Actually, I think your examples are a blend of oxymoron and the form of understatement called litotes, which negates the negative to create a positive. Some examples:
There was no small crowd at the accident site.
The engineers in Silicon Valley showed no little interest in the new invention.
Dr. Black's diagnostic skills may not have been the best, but neither were they insignificant.
The roller coaster ride gave me a small, but not inconsequential, thrill.
With no small effort, I could probably turn some of your examples into litotes. Let's see . . ..
Yours: "What the problem isn't, is that they're too attentive."
Mine: The problem is they are not the least bit inattentive. [In other words, they don't miss a trick!]
Yours: "What the problem is, isn't that they're too attentive."
Mine: The problem is not from their lack of inattentiveness.
Yours: "What the problem isn't, isn't that they're too attentive."
Mine: That they are not inattentive is not the problem, but that they are in fact inattentive.
Frankly, I think your examples--particularly the last one--also resemble a truncated form of periphrasis; that is, beating around the bush and not getting to the point. There is a time and place even for periphrasis, particularly in a delicate situation in which diplomacy is not unimportant. Nevertheless, an over-dependence on periphrasis confuse and even alienate your audience.

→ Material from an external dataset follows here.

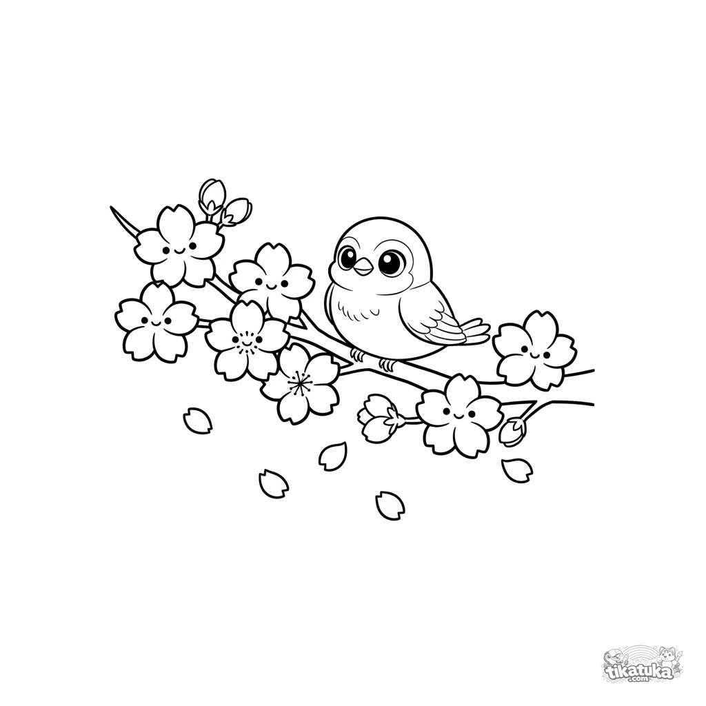 Simple coloring page for toddlers 2-3: a sakura branch in cute chibi style with smiling flowers and a little bird. Large shapes, falling petals.
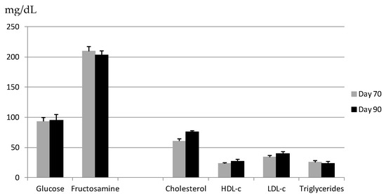 Metabolic profiles of sows, from which foetuses were harvested on Gestational Day (GD) 70 or 90. Mean fasting values (mg/dL) (±SEM) of glucose, fructosamine, total cholesterol, high-density and low-density lipoprotein-cholesterol (HDL-c and LDL-c, respectively) and triglycerides in maternal plasma on the day of harvest.

If delicacy is the purpose of using your examples, then fine. If not, you are simply engaging in word play and perhaps attempting to push the envelope of irony inelegantly. To craft a more elegant irony, you might toy with Kirkegaard's concept of "infinite, absolute negativity" (it might be "infinite, absolute negativity"). For example, the frog and the scorpion:
One day at the creek's edge, a scorpion asks a frog if he would transport him to the other side of the creek. The frog experiences no small amount of fear and trepidation, even when the scorpion promises the frog that he'll not only not string him but additionally he'll show Mr. Frog where a huge swarm of flies hangs out on the other side of the creek if he will only give him a ride.
The frog thinks to himself, "Hmmm. Mr. Scorpion has promised not to sting me, and those flies would surely taste good at this point, as I'm really kind of hungry. On the other hand, what if he wants me to think that he's sincere when in fact he isn't sincere and simply wants to sting me. No, I think he's using reverse psychology on me, and he wants me to think he's insincere but is only pretending to be insincere about his insincerity, so that I'll actually think he's sincere. No, that can't be right. Maybe . . .."
And so it goes. Mr. Frog is overthinking things, and he should have trusted his initial instinct that Mr. Scorpion could not be trusted. Period.